Avicii’s girlfriend, Tereza Kacerova, has a young son named Luka and is a model. She was dating Avicii, also known as Tim Bergling, at the time of his death, a fact unknown to most of the world until she released a series of photos following the news of his suicide, photos which showed his relationship both with her and her son, too.
Now, Kacerova appears to still be modeling. She’s active on Instagram, and recently wrote a post about how she has been coping with Bergling’s death. You can read that post in full below.
Following Bergling’s tragic death, Kacerova penned a tribute to her late boyfriend on Instagram, explaining in part that she “was always very set on keeping [their] relationship private,” and that she “wanted it to be OURS and ours only and wanted no part in that madness.”
She only intended to make their relationship public when she became pregnant with their first child, she said (Luke is not Bergling’s birth father), sadly noting, “Ohhh how that plan went awry.”
Here’s what you need to know about where Kacerova is, just under a year after Bergling’s death:
READ: Kacerova’s Instagram About Coping With Bergling’s Death
On April 3, 2019, Kacerova wrote a length Instagram post explaining how the last year had stripped her of the “pink lenses” she used to see life through.
The post reads in full,
I used to see life with pink lenses – and to a large extent I still do. But last year, something so tragic happened that it’s been hard to always look at the world the same way… Before, if I got into a fender-bender or got cut from a commercial (losing all residuals), I would shrug it off. “Whatever — my son is healthy, the sun is shining, I get to TRAVEL. Life is all-around incredible and this means NOTHING in the grand scheme of things!!!” Since the incident, it’s become a lot easier for my mind to sometimes wonder if maybe it isn’t the other way around…maybe life is just all-around sad and things like Luka, sunshine, adventure are just bright spots within it? I started seeing the pain in everything — Luka’s when he has to go to bed but wants to keep playing, mine when I have to run to stay healthy, my homeless friends’ in the memories that haunt them. And once I focused on the misery, it was harder to notice the blessings.

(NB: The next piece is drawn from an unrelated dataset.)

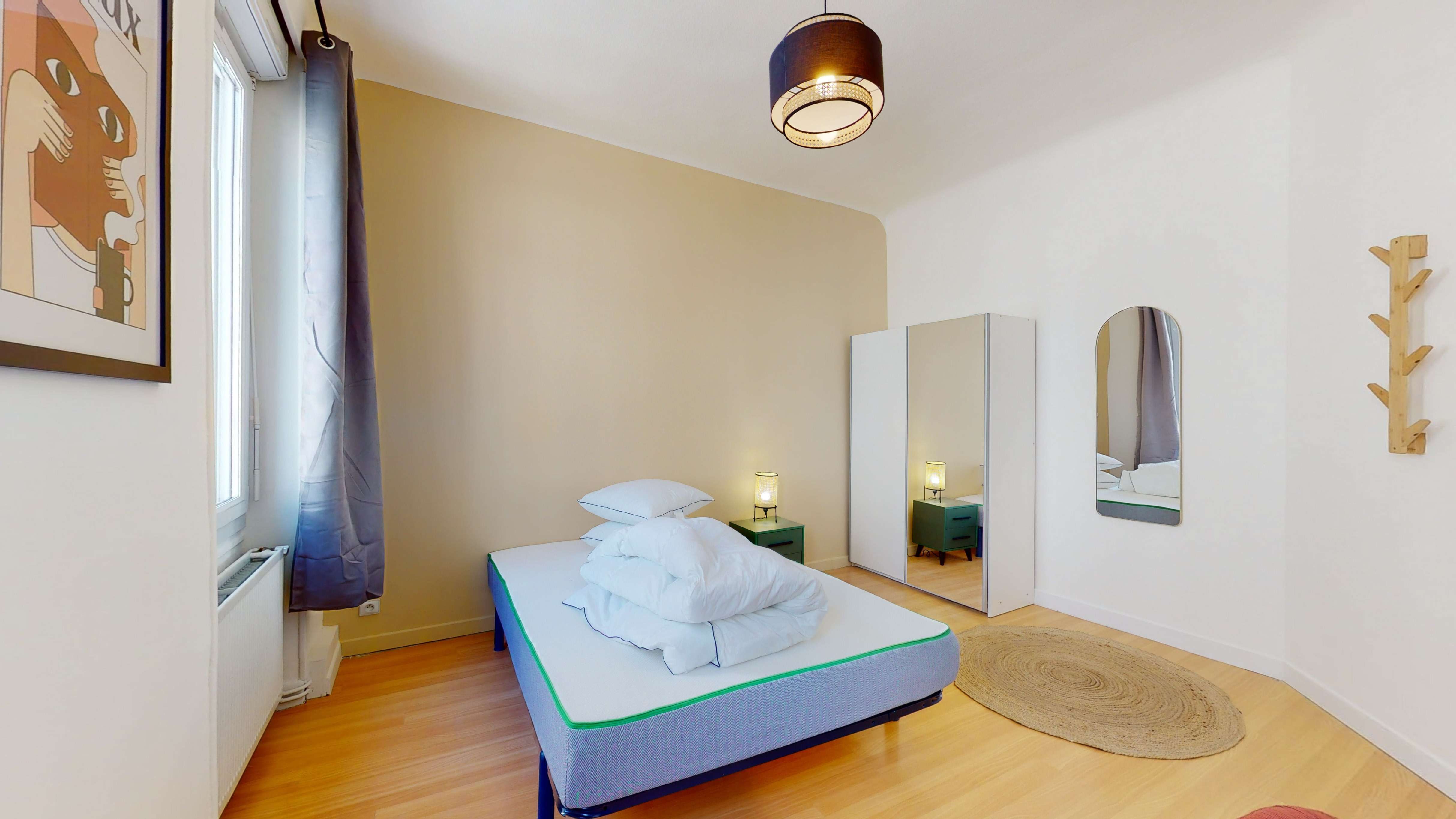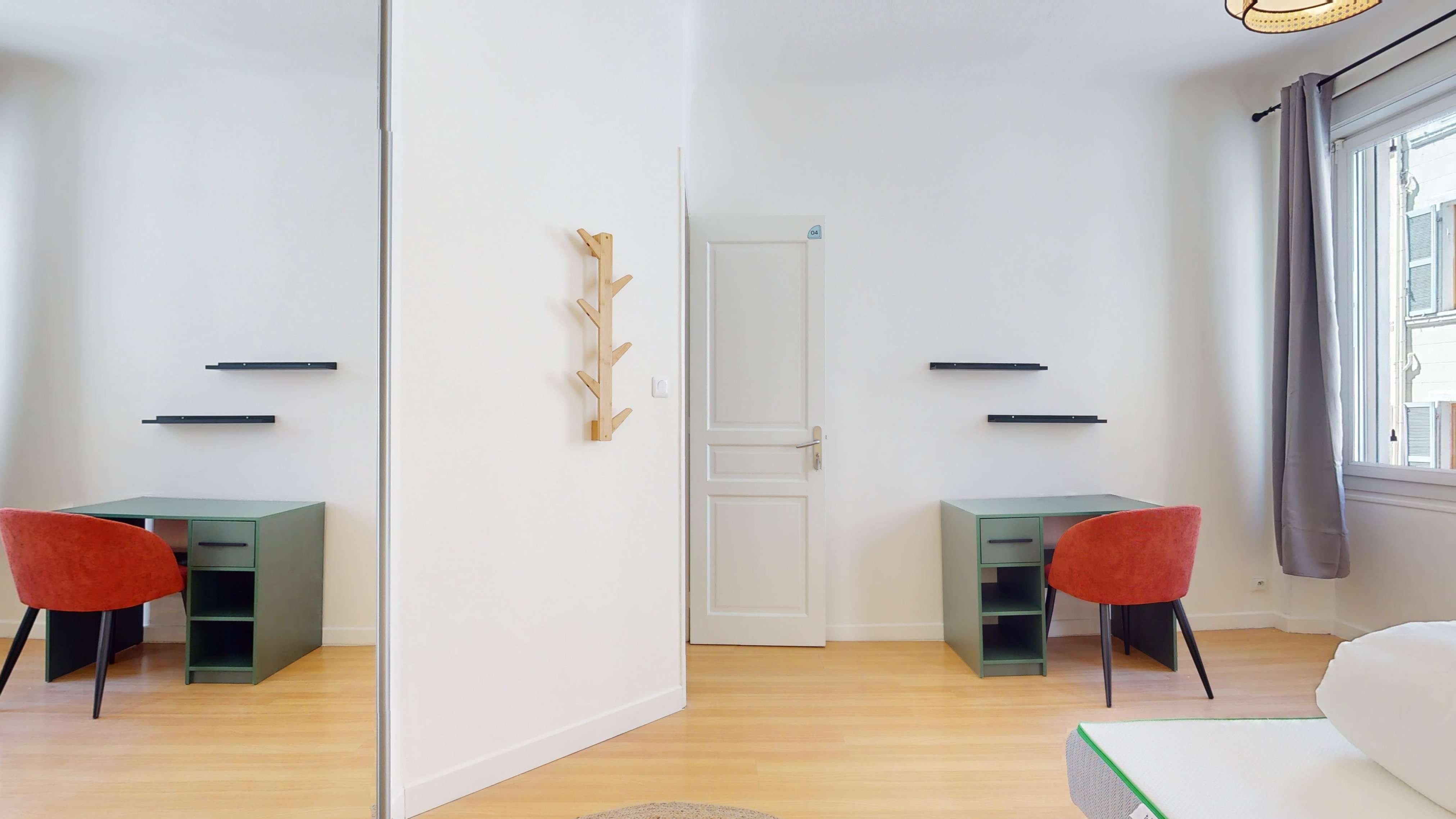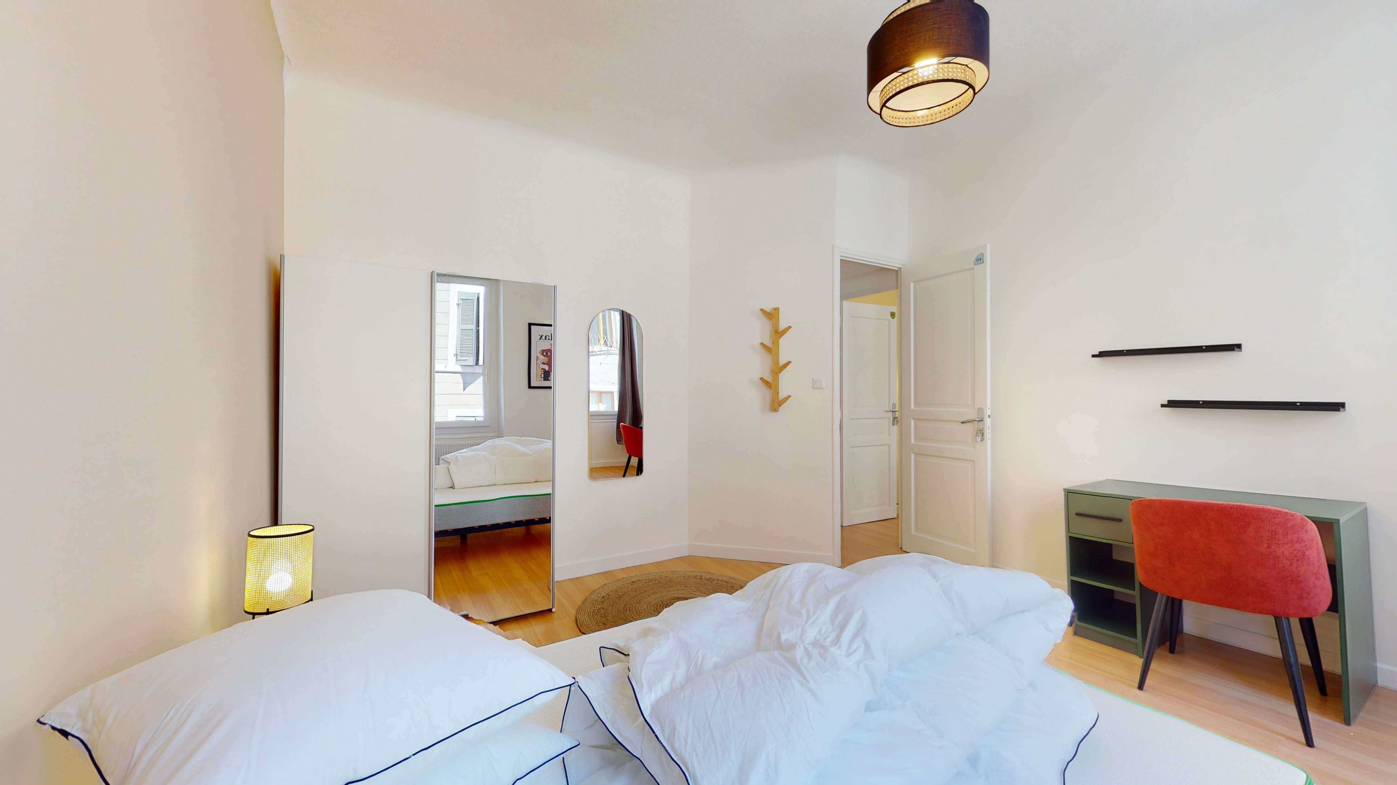 Room 4 est une chambre confortable juste pour vous, avec un lit double douillet et des draps de qualité. Vous avez aussi une armoire pour ranger vos affaires, un bureau et une chaise pour étudier ou travailler tranquillement, et même une salle de bain partagée bien propre et moderne.

I’d think and think and overthink: So which way is it? Was I too optimistic before or am I too pessimistic now? Is the universe sending me all this negativity as a way to test me, or to punish me or to prepare me for something greater? ANd if that’s the case and everything happens for a reason, then the universe must KNOW what’s going to happen next — which means is there even free will?! And if there isn’t…then what’s the point…of anyhing? I would spiral into these existential crises…
The reason I am saying this is because I did not want to be this new, saddened, cynical version of myself.
Mindset is EVERYTHING and though I’m not depressed anymore (which transcendental meditation pulled me out of — let me know if you want me to explain about that too), I wanted my pink lenses back.
So I went to see a hypnotherapist.
She explained that 5-12% of the mind is conscious. That’s the part that plans and thinks. 88-95% of the mind is SUBCONSCIOUS. Patterns! Habits! Emotions! It funcions based on associations which means if it has been hurt before by X, it will plan a route for us to avoid X forever. The eperiences which have shaped our subconscious mind will overpower our conscious mind when we are judging or making decisions. Confusing? Ok, here is a simple example: The conscious mind could say ‘this is a nice man, give him a chance’ but the subconscious mind would swoop in and yell ‘ARE YOU CRAZY, what about all the pain men have caused you in the past? Remember those feelings? Give NO chances to ANY men EVER again.’ So emotions like anxiety are not weaknesses— it’s the most primitive parts of our brain in survival mode, PROTECTING US.
Therefore, if we can REWIRE the subconscious to whispers us things like ‘give everyone the benefit of the doubt’ instead of ‘trust nobody’, our entire outlook on life can be changed. I am finally getting released from this place where I can’t find those damn pink sunglasses!!!!!
I 1,000,000% recommend that whoever can, GO DO THIS FOR YOURSELVES.